• [YOUR INSTRUCTIONS]: Find each line below where the word "Poster" occurs, and copy it.

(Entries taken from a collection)
..........

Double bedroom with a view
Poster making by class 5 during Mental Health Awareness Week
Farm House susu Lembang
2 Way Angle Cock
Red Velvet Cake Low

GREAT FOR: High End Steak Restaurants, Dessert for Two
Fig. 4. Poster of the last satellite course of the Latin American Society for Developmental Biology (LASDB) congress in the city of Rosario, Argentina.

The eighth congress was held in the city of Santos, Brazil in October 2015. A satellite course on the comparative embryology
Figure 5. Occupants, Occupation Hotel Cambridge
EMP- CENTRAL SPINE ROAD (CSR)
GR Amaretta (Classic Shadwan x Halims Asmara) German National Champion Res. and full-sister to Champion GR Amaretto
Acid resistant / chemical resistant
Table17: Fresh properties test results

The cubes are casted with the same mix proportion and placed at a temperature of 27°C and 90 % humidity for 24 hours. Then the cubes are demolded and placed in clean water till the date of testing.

..........

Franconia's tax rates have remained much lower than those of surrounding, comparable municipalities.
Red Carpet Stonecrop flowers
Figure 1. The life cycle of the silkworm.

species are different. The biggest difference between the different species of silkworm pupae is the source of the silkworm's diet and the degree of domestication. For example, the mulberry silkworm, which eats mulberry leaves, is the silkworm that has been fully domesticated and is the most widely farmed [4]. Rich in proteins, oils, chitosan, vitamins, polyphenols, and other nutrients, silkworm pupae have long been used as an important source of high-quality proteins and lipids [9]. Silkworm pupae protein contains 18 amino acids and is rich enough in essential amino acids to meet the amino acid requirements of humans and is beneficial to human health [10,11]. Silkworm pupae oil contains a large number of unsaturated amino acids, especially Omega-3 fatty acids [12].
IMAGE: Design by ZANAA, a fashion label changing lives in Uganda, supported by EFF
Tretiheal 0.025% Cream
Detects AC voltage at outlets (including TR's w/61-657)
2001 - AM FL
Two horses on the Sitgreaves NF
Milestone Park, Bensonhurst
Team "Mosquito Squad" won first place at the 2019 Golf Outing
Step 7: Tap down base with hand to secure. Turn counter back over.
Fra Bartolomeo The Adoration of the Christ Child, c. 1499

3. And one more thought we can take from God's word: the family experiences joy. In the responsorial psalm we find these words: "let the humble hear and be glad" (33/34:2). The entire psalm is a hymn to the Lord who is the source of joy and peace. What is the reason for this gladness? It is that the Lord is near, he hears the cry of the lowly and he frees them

..........

• [RESPONSE AREA]:
Poster making by class 5 during Mental Health Awareness Week
Fig. 4. Poster of the last satellite course of the Latin American Society for Developmental Biology (LASDB) congress in the city of Rosario, Argentina.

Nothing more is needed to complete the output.